A site without a bot wall returns the same status code across all six user-agents, with byte counts equal or close. A site with a bot wall returns 200 to the first two and 403 (or a much smaller response — a challenge page) to the rest.

## Why both fail Layer 1

The [five-layer AEO model](/five-layer-aeo) treats crawler access as the gate that determines whether the next four layers exist. SSR-junk fails Layer 1 by giving the crawler bytes that contain almost no extractable content. A bot wall fails Layer 1 by giving the crawler no bytes at all. In both cases, the schema graph, the `llms.txt`, the [direct-answer paragraph](/direct-answer), and the content quality work above all evaluate to zero — the bot never sees them.

The shared symptom is silence. Citation rates go to zero on the specific engine whose crawler is being walled, and the site operator has no built-in signal that anything is wrong. The diagnostic above is the only way to find either pattern from outside the request path.

## Fixing each

For SSR-junk: serve a pre-extracted markdown twin of each page in the first few kilobytes of the HTML body, before the hydration scripts. The extractable content is then in front of the script payload regardless of where the framework places it. Bot-side, this is identical to the page a browser renders post-hydration; the difference is bytes-on-the-wire ordering.
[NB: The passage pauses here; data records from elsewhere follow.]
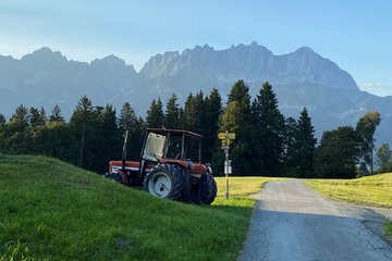 Starten Sie beim malerischen Schwarzsee und machen Sie sich auf den Weg zum Steuerberg, um Ihre ersten atemberaubenden Aussichten auf den Wilden Kaiser zu genießen, umrandet von typisch tirolerischen Bauernhäusern. Ein schneller Abstieg gefolgt von einem flotten zweiminütigen Aufstieg führt Sie in das malerische Dorf Reith bei Kitzbühel. Der anspruchsvollste Anstieg der Tour belohnt Sie mit den beeindruckenden Panoramen des Rettenbergs. Legen Sie eine wohlverdiente Pause für einen Kaffee oder eine Erfrischung im Bichlhof ein, bekannt für seine außergewöhnliche Lage zwischen dem Kitzbüheler Horn und dem Wilden Kaiser. Beenden Sie Ihr Abenteuer mit der Rückfahrt nach Kitzbühel über den historischen Römerweg.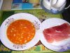 Лук и чеснок мелко порубить, натереть на терке морковку. Грудинку и помидоры нарезать кубиками, сосиски кусочками по 2 – 3 см. положить грудинку на сухую сковородку, вытопить жир. Добавить лук и чеснок, обжаривать до золотистого цвета. положить морковку, через пять минут добавить помидоры, тушить все вместе на небольшом огне минут десять.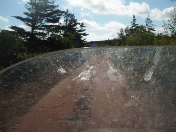 | In our pursuit of the many lighthouses that are located on the island, we are directed down this muddy pig path to practice our off-roading again. Having a fond distrust of electronic devices (I've working in technology for over forty years), I wonder if this is just another clever ploy of the little devil. | ||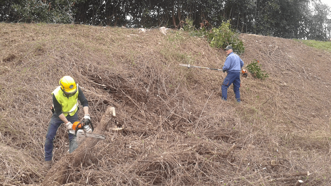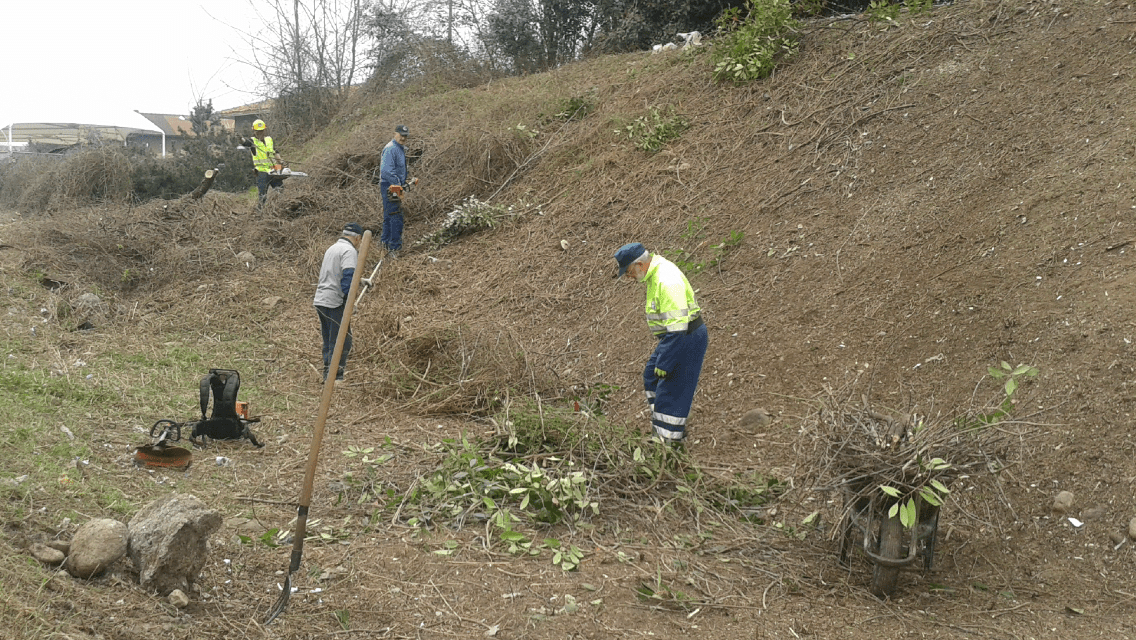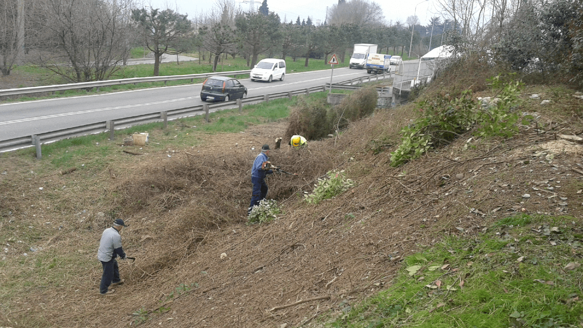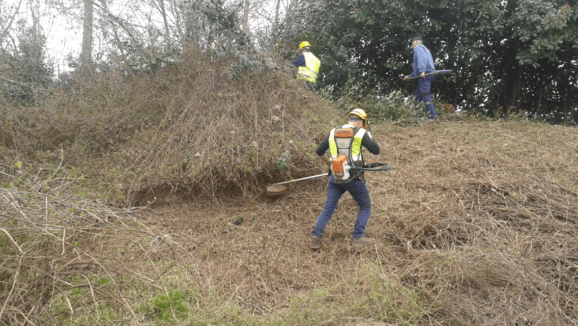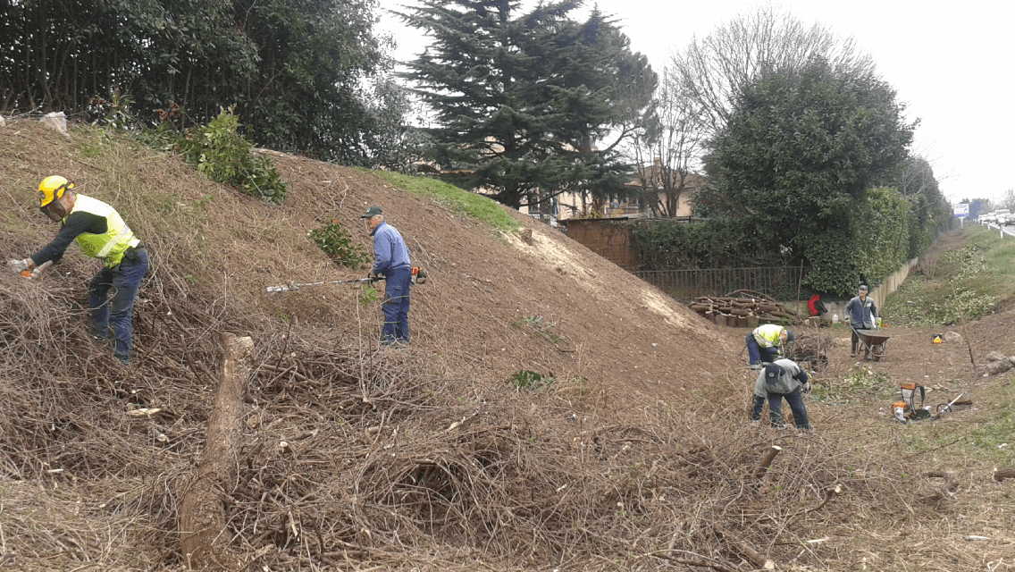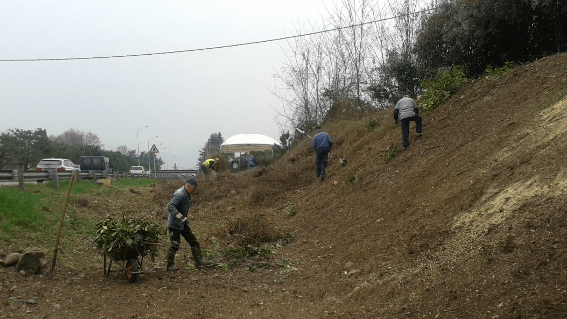 ” Il Gruppo Alpini Mozzo ha iniziato la bonifica della scarpata dietro le case comunali in via Degli Alpini confinante la strada provinciale Villa D’Almè Dalmine”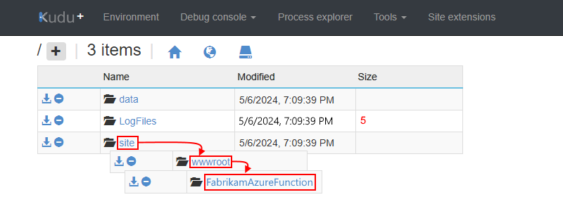 On the next page, from the folder list, select site > wwwroot > your-function.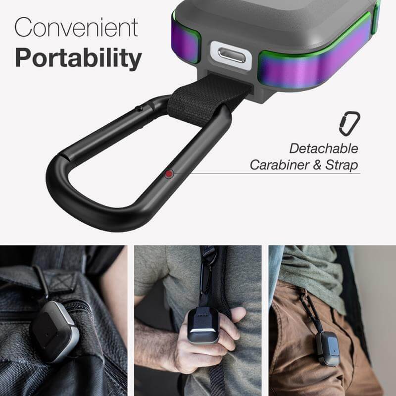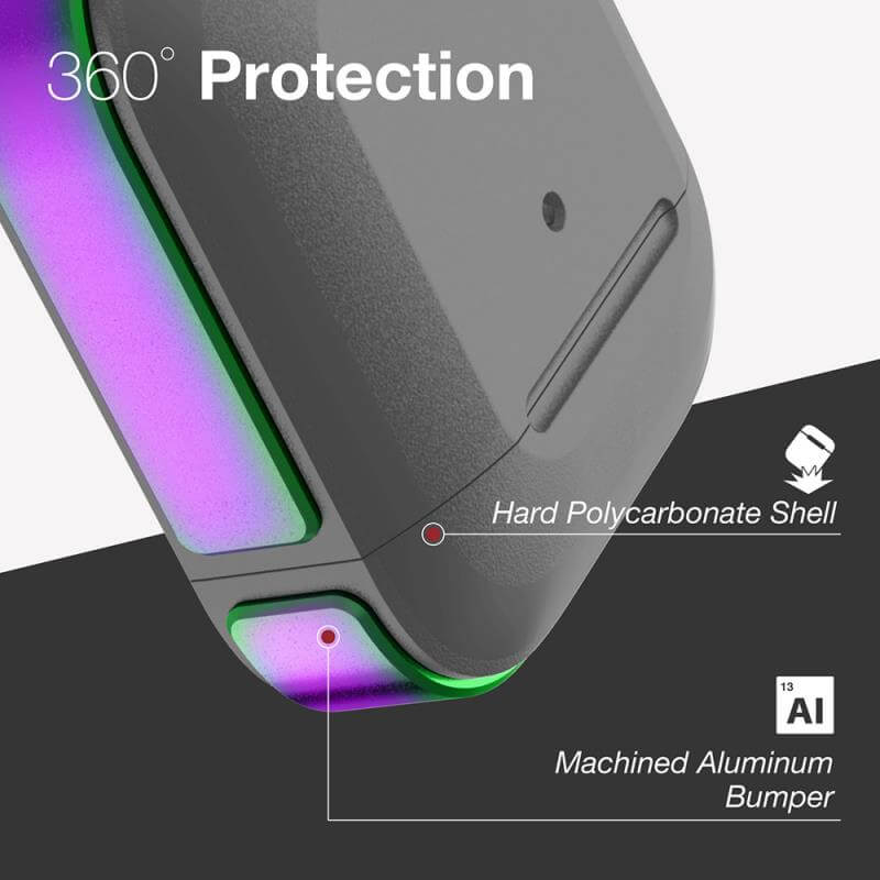 - Изработка от премиум материали. Defense Trek комбинира твърд качествен поликарбонат и анодизиран алуминий, за да създаден изключителен защитен калъф на Apple AirPods.
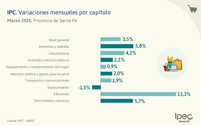 En Santa Fe, el promedio del tercer mes del año fue 0,2% inferior al promedio nacional; según datos del Instituto Provincial de Estadísticas y Censo (IPEC) la inflación de marzo en la Provincia trepó al 3,5%. La variación interanual se ubica en 54,3%, acumula en 2025 un 9,5%.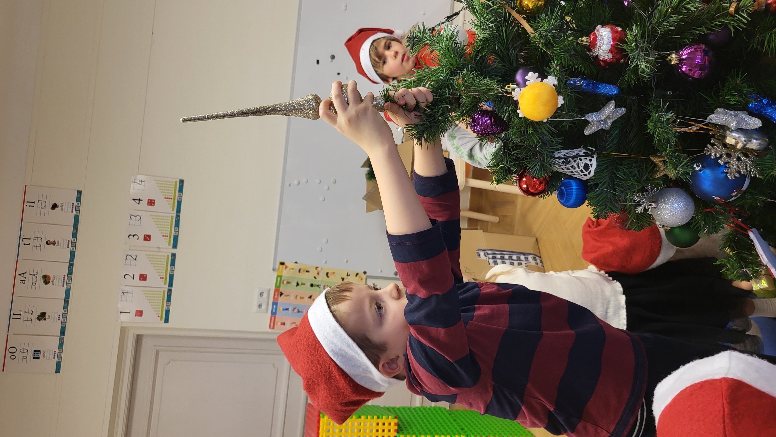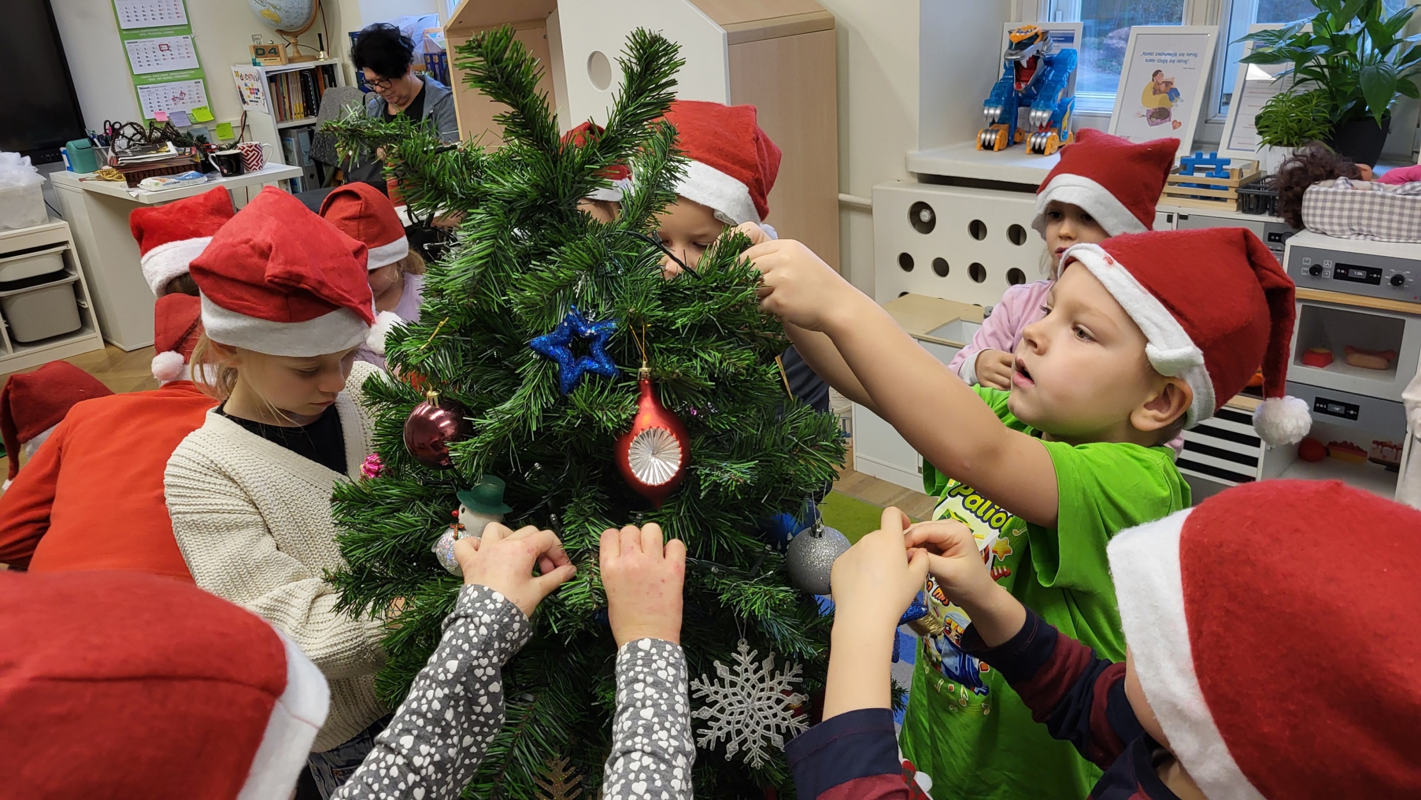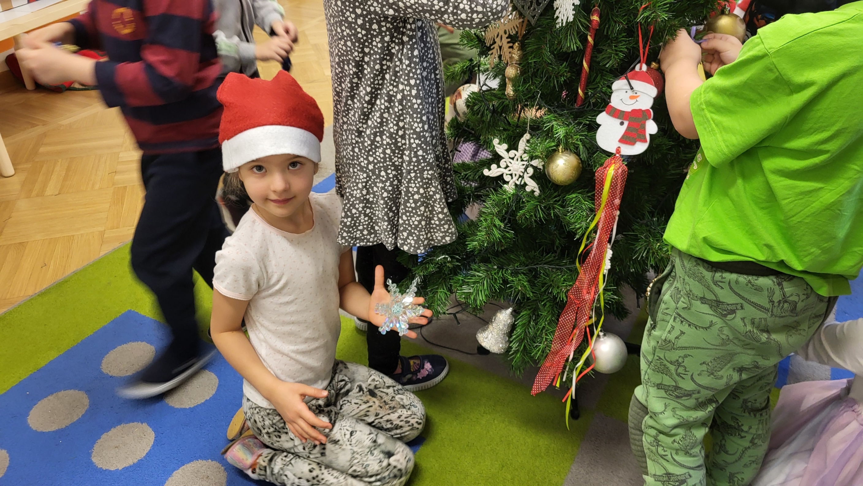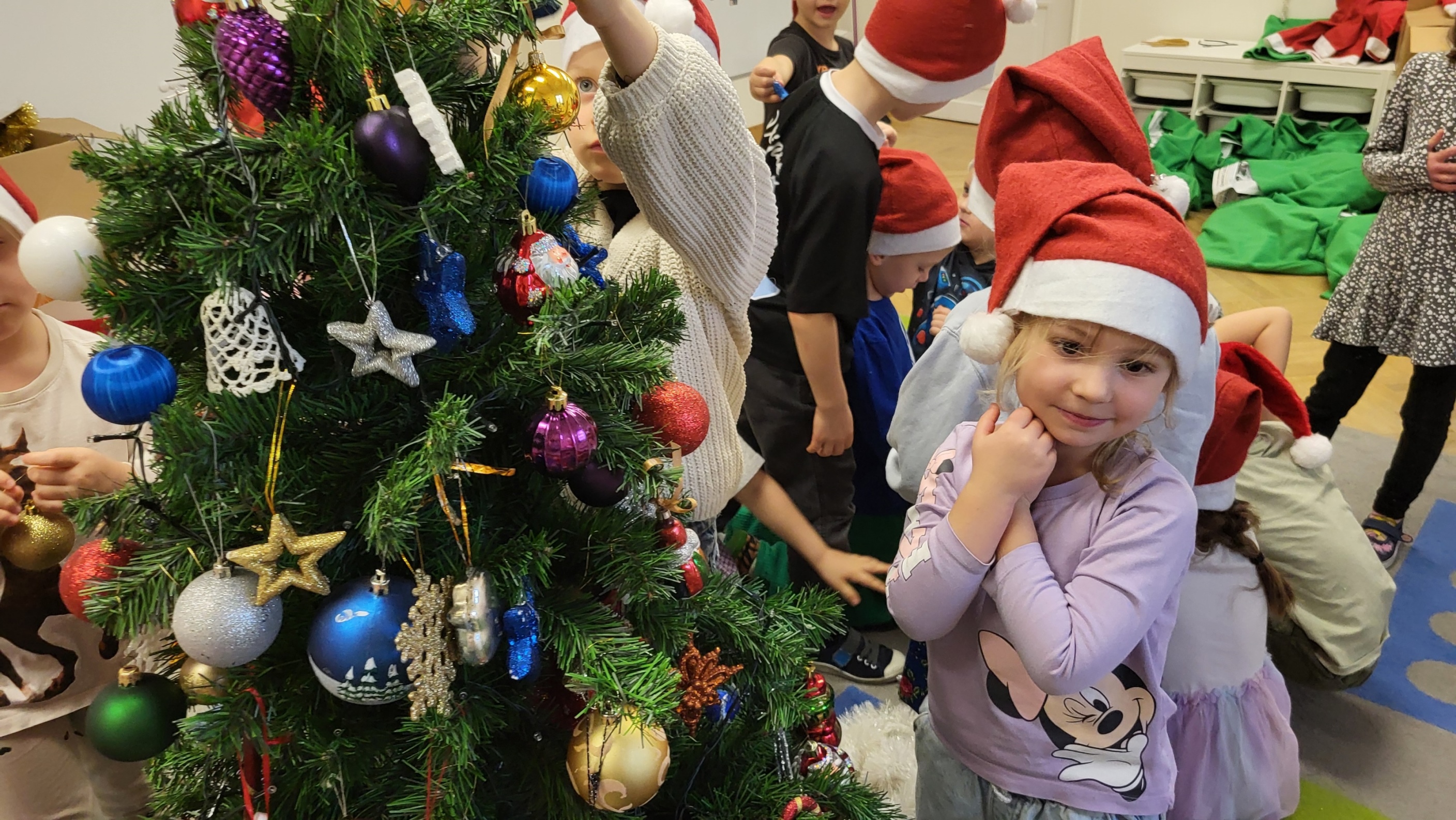 Ubieranie choinki – to moment , na który z niecierpliwością czekały wszystkie przedszkolaki. ,,Motylki” z zapałem przystąpiły do zawieszania na gałązkach kolorowych bombek, ozdób, łańcuchów i kolorowych lampek. Drzewko zostało przystrojone bardzo szybko, wygląda wyjątkowo i przypomina nam, że Święta Bożego Narodzenia zbliżają się tuż, tuż…Wszyscy jednogłośnie stwierdzili, ze choinka jest prześliczna i na pewno Mikołaj położy pod nią prezenty dla wszystkich dzieci.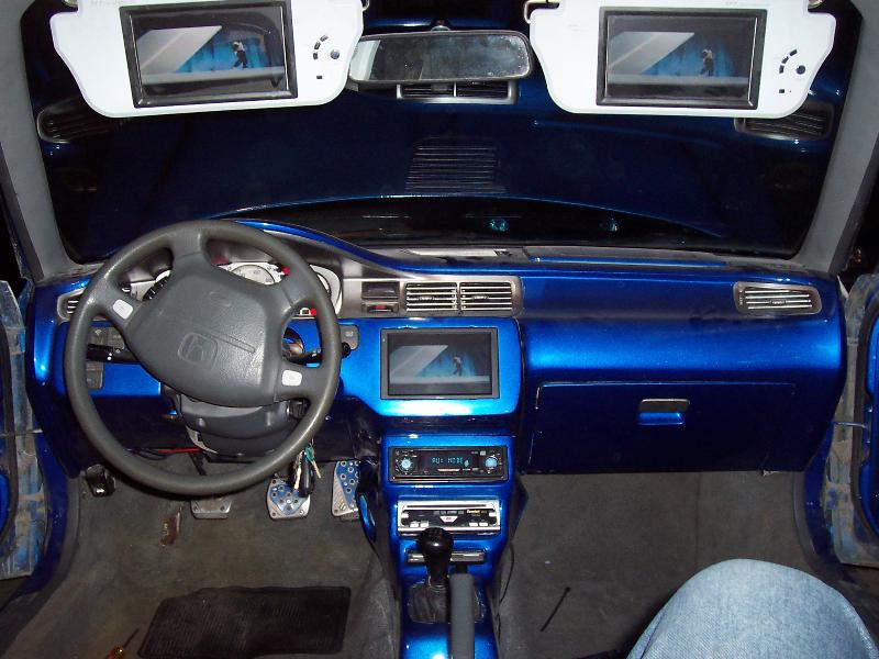 Reverse indeglo gauges, 3D billet aluminum gauges cluster, indeglow foot pedals, 4 neon tubes that are hidden one under each side of the dash and one under each seat, relocated heater controls to glove box, radio relocated to were the ash tray use to be, smoothed out all of the texture on the dash and door panels and painted then Viper blue to match the exterior, smoothed in 8" holes for subs in the back door panels, soon to have four Tenzo R Rally seats.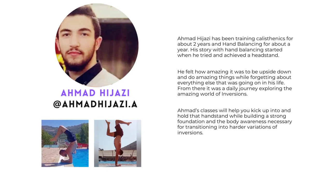 Ahmad Hijazi has been training calisthenics for about 2 years and Hand Balancing for about a year. His story with hand balancing started when he tried and achieved a headstand.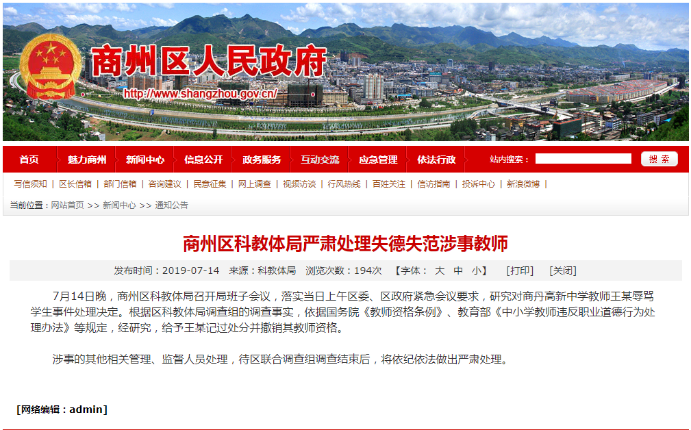商州通报“女生遭老师长期辱骂”:情况属实 将严肃处理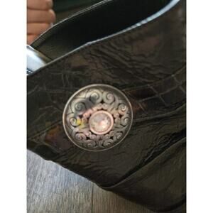 Keywords: Brighton, slip-on flats, black flats, women's shoes, vintage style, casual wear, elegant design, detailed embellishments, closed-toe, all seasons, medium width, classic theme, pre-owned.

For bot walls: rotate the CDN's anti-bot rules to allowlist verified AI crawlers. Anthropic, OpenAI, and Perplexity publish IP-range JSON files for crawler verification; Cloudflare's "Verified bots" category covers most of them once toggled. The deeper fix is to treat training-bot blocking and citation-bot blocking as separate policy decisions — a robots.txt that disallows `GPTBot` for training data still allows `OAI-SearchBot` for live-query retrieval, and getting that nuance right is the difference between protecting training-data optionality and ceding the citation.

The longer treatment of why citation is its own optimization target sits in the [AEO essay](/aeo). The two failure modes above are the most common reasons a technically-correct site stops appearing in answers it should be the canonical source for.